Review

Mit Mauerhaken, Pickel und Karabiner geht es zurück zum ideologisch vorbelasteten Bergfilm und damit lässt man die oft reichlich zweifelhaften Streifen von Arnold Fanck weit hinter sich.
Denn Heldentum fürs Vaterland bekommt hier einen bitteren Beigeschmack, als im Jahre 1936 die Eiger-Nordwand erstmals bestiegen werden soll, - beim Kampf gegen die Natur zieht der Mensch oftmals den Kürzeren, wie Philipp Stölzls Drama phasenweise eindringlich veranschaulicht.

Zwei Naturburschen aus dem Berchtesgadener Land, Toni Kurz (Benno Führmann) und Andreas Hinterstoisser (Florian Lukas), versuchen sich erstmals am Eiger in den Berner Alpen. Von unten aus beobachten Reporterin Luise (Johanna Wokalek), Schaulustige und einige Pressevertreter das Geschehen, bis die konkurrierende Seilschaft aus Österreich einen verhängnisvollen Schritt macht…

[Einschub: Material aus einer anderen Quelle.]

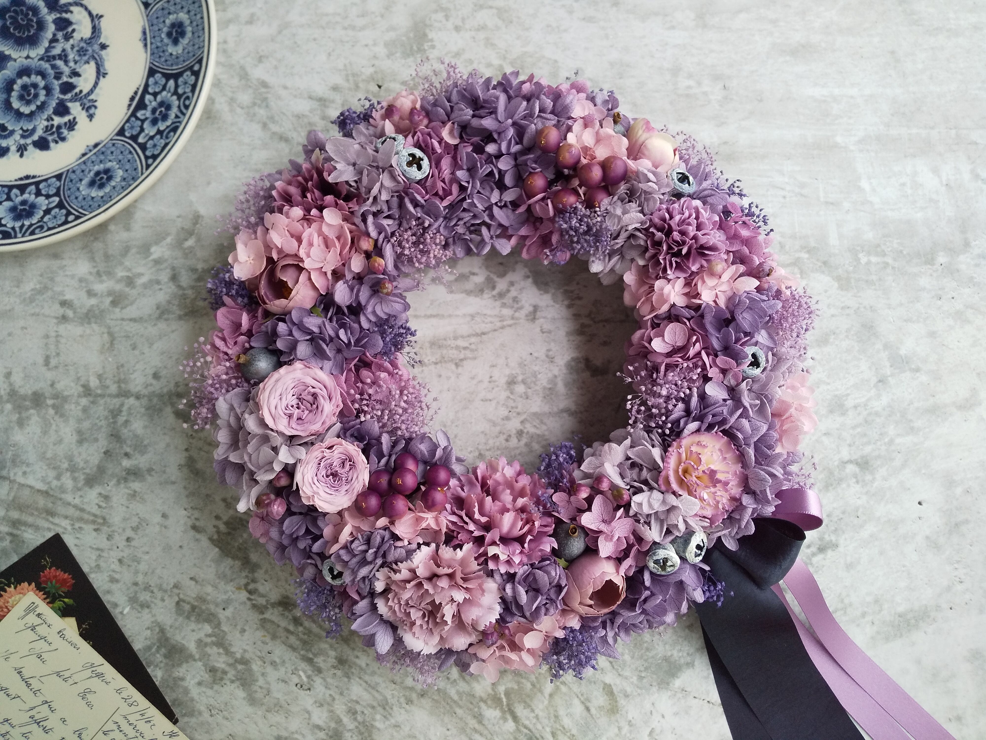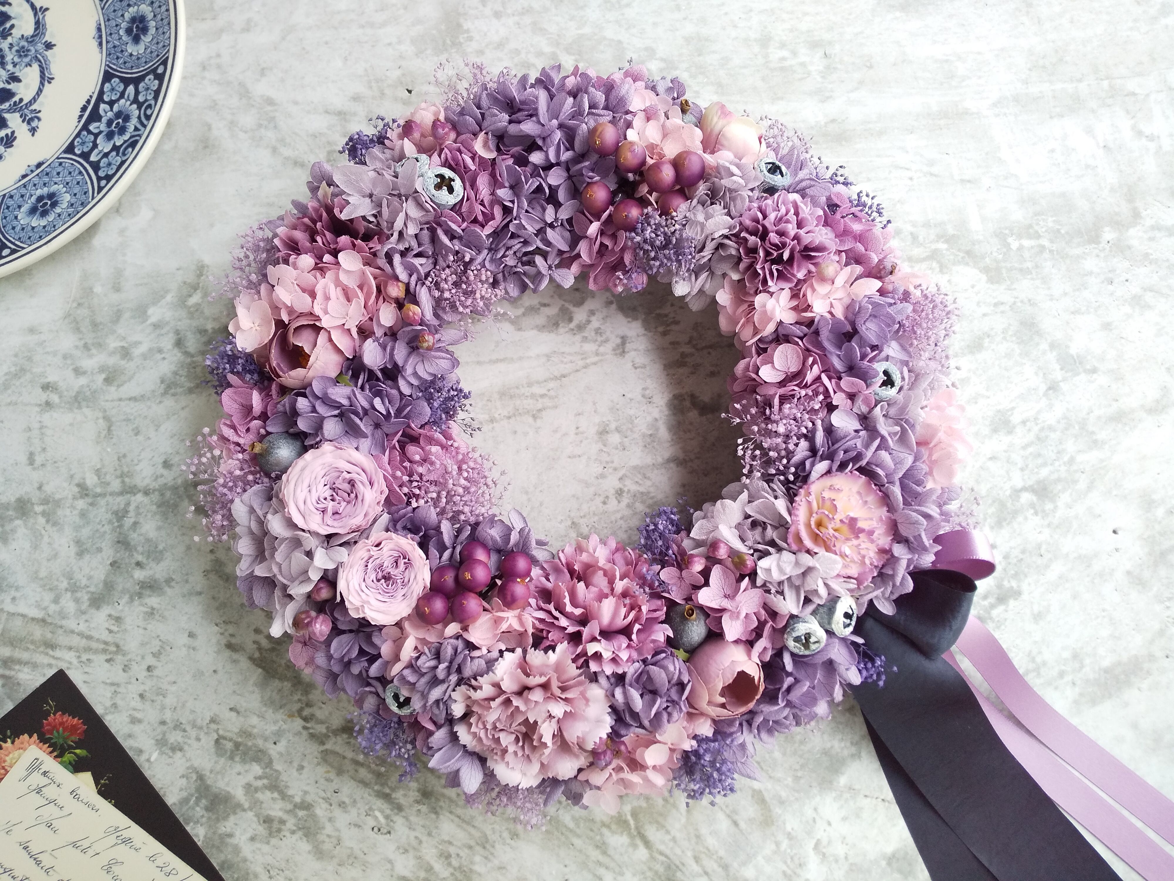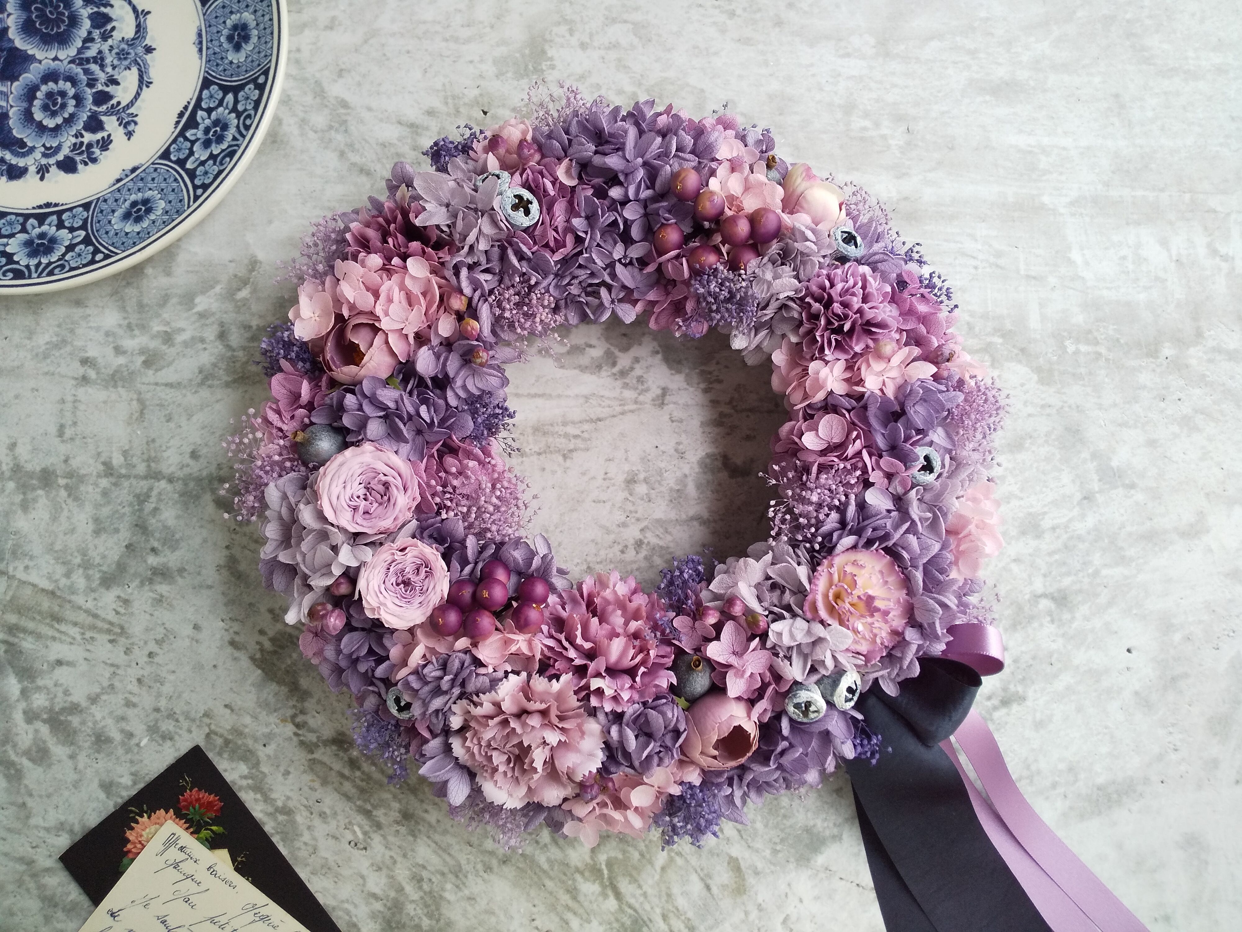 Pleine lune<Plein de bonheur>*母の日*母の日リース*古希祝い*リース*春夏*紫*紫陽花*プリザーブドフラワー*紫陽花リース*お花*結婚祝い*シャビーシック

Beruhend auf wahren Begebenheiten, kommt man zwar nicht umhin zeitpolitische Strömungen einzubinden, doch die stehen fast grundsätzlich im Kontrast zu jenen Menschen, die unter Berücksichtigung moralischer Grundsätze handeln.
Die Volontärin Luise steht im starken Gegensatz zu ihrem Chef, dem nazigetreuen Opportunisten Arau (Ulrich Tukur), da sie nicht an Heldentaten deutscher junger Männer im aufblühenden Naziregime interessiert ist, sondern an dem Menschen Toni Kurz, was ihr leider viel zu spät bewusst wird.
Auch oben, in Felsen, Eis und Schneesturm, spielt die politische Gesinnung irgendwann keine Rolle mehr, auch wenn die österreichische Seilschaft zunächst nicht sympathisch erscheint, - am Ende müssen alle sprichwörtlich an einem Strang ziehen, um zu überleben.

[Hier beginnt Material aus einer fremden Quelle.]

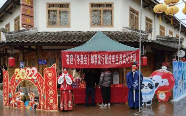 2月5日,广元市昭化区邮政分公司在昭化古城设立快闪主题邮局,开展喜迎《冬奥会》邮票发行暨虎年生肖文化活动,吸引了大批游客打卡拍照,寄语冬奥写书信。
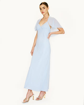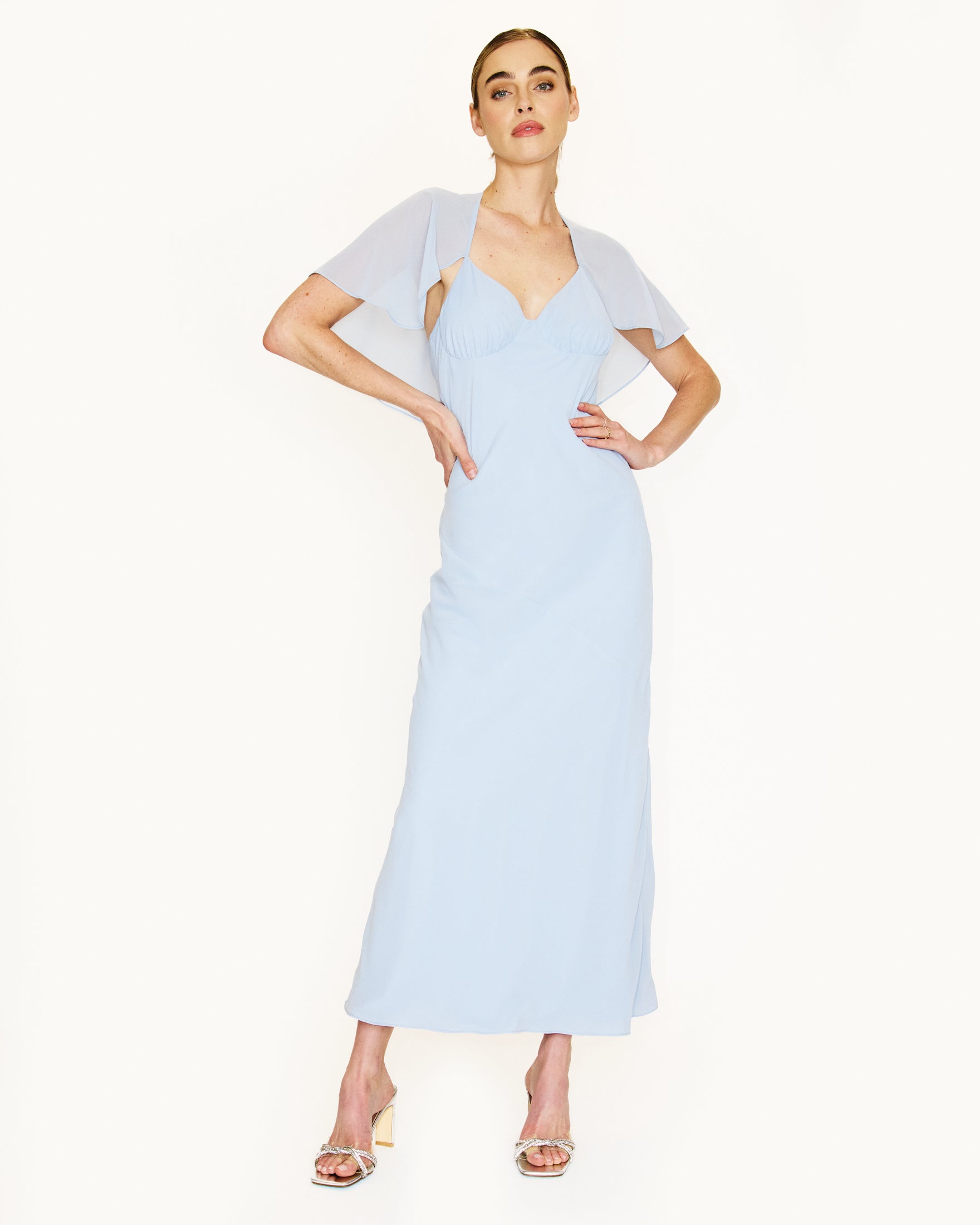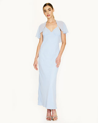 - Lightweight non-stretch chiffon fabric- Cape detail- Hook-and-eye and hidden zipper at side seam- Fully lined
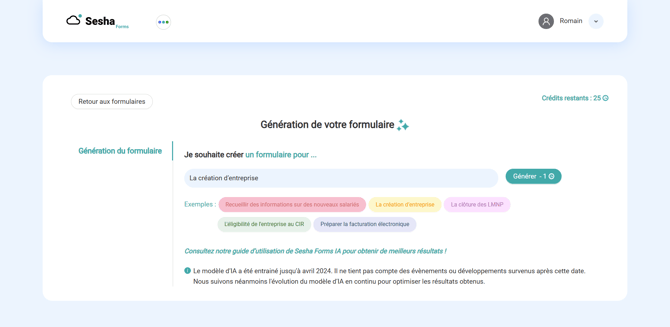- 🔄 Recommencer : retour en arrière pour générer un nouveau formulaire, la nouvelle génération vous coûtera à nouveau un crédit.
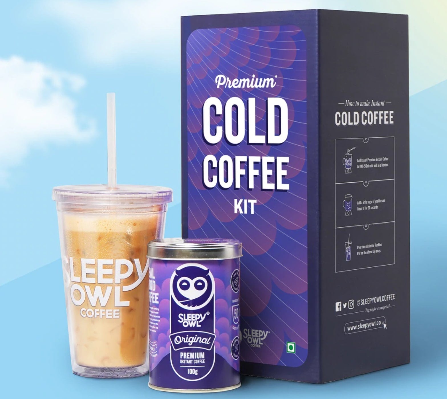 If you love your coffee cold and refreshing then our Cold Coffee Kits will be perfect for your on-the-go needs. This coffee travel kit has one flavour of our Premium Instant Coffee along with our super chic Tumbler. The Tumbler is designed with a tight screw on lid and secure straw that prevents any spillage of the coffee. It also has a double walled body which keeps your coffee cold for a long time and prevents condensation on the outside. It’s made especially for cold coffee drinks and is perfect to carry around. It’s made with BPA-free polymer which is completely safe and has a capacity of 475 ml. It’s iced coffee kit goals!
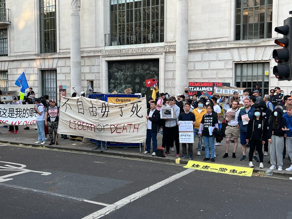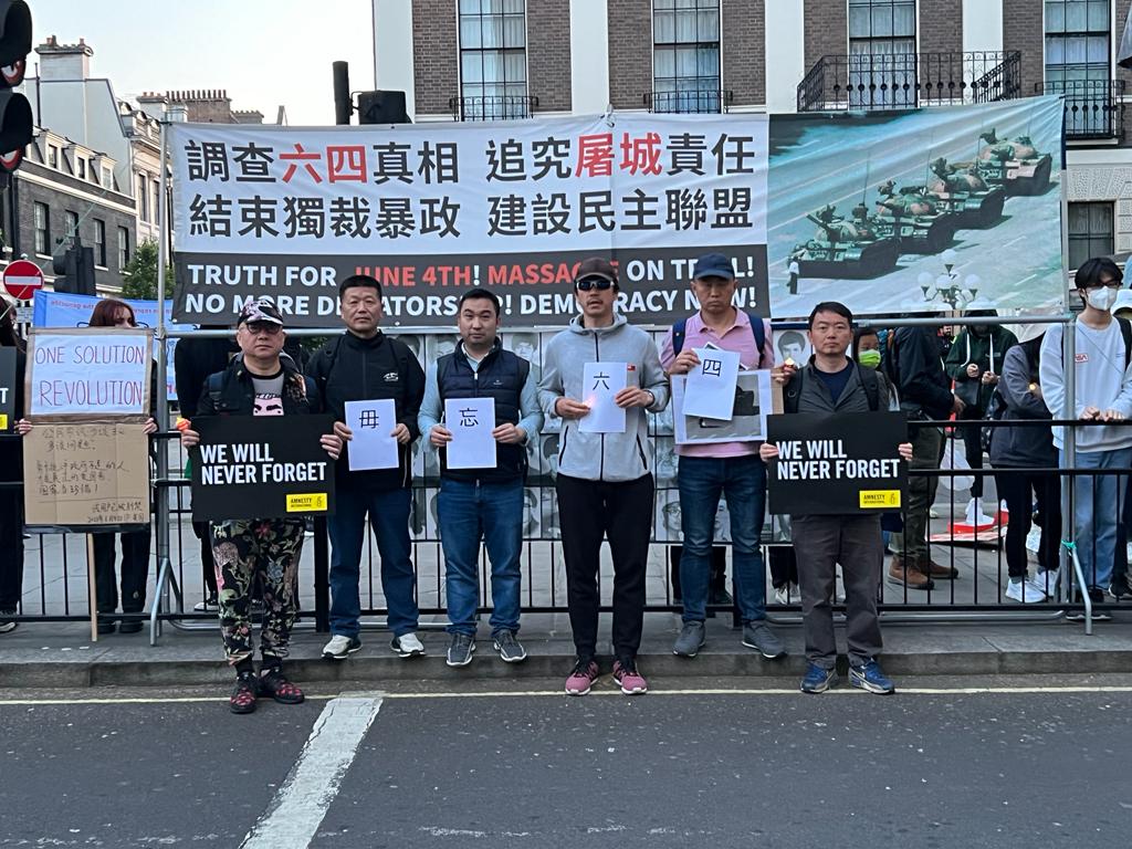 2023年6月4日是六四天安门大屠杀事件34周年纪念日,1989年6月4日,中国军队向民众开枪,用坦克镇压镇压,导致伤亡惨重。六四34周年之际,英国伦敦的示威游行抗议由中国留学生组成的“China Deviants”团体举办,中国民主党英国总部、港人、藏人、维吾尔人等人权组织和团体共同参与。

Von der Geschichte her ist aus der Sache natürlich nicht allzu viel herauszuholen, - kein Bösewicht, der wie in „Cliffhanger“ eine Aktion sabotieren will und keine zwiespältigen Typen wie in „Vertical Limit“.
Hier entscheiden einzig und allein Naturgewalten und menschliches Versagen über Scheitern, Schmerz und Tod. Und dieses wird akribisch, mit eingeblendeten Zeitkoordinaten dokumentiert.

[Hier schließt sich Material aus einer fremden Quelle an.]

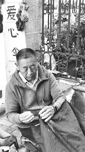 李啟旺是河北保定人,2009年隨兒子來北侖后,就靠修傘修鞋的手藝在這兒安了身。開修理鋪沒多久,他總見路人被突如其來的雨澆得手忙腳亂,可路邊、垃圾桶旁又常見被丟棄的舊傘?!叭恿硕嗫上?,修修還能給大家用?!北е@個想法,他開始撿舊傘、修舊傘,修好了就免費給路人用?!皠傞_始沒招牌,知道的人不多。后來我撿了塊塑料板,自己噴了‘愛心傘’三個字,當(dāng)作招牌掛在這里?!?/FONT>

Wenn man sich erst einmal daran gewöhnt hat, dass Benno Führmann auf Biegen und Brechen keinen Berchtesgadener Dialekt hinbekommt und die kurze Sage vom Oger in den Alpen mit leichtem Lächeln verdaut hat, gewinnt die Sache zunehmend an Fahrt.
Dies ist nicht nur der versierten Kamera zu verdanken, sondern auch den durchweg überzeugenden Darstellern, denen man Erfrierungen, gebrochene Füße und panische Verzweiflung zu jeder Zeit abnimmt.
Hier mal ein Abseilen mit Ausrutschen, da eine Lawine, fallende Felsbrocken und die verzweifelte Suche nach einem geeigneten Biwak.
Teilweise frösteln einem da echt die Finger, den Rest erledigt gegen Ende die ausgezeichnete Maske.

Im Gesamtbild hätte man dennoch gut daran getan, die stark im Vordergrund stehende Sichtweise von Luise ein wenig einzudämmen und die Konzentration stärker auf das Geschehen oberhalb der 2000 Meter zu richten, da manch spannende Szene immer wieder von etwas hölzernen Rahmenmomenten ausgebremst wird.
Auch Tukurs Rolle wirkt zuweilen reichlich überzeugen, mit seinem süffisanten Avancen und den Anmerkungen unterhalb der politischen Gürtellinie.

Dennoch: Atemberaubende Bergpanoramen, Schneestürme und ein verzweifelter Kampf in eisiger Höhe. Das wirkt glaubhaft, ist gut getrickst und überzeugend gespielt. Wäre da nicht die etwas zu überladene Rahmenhandlung mit einer angedeuteten Liebesromanze, die es in Wahrheit wahrscheinlich nie gab und der etwas oberflächlichen Einbindung des Zeitgenössischen, könnte der Streifen dieses leicht verruchte Genre glatt revolutionieren.
Ein passabel spannender Film reicht aber auch aus.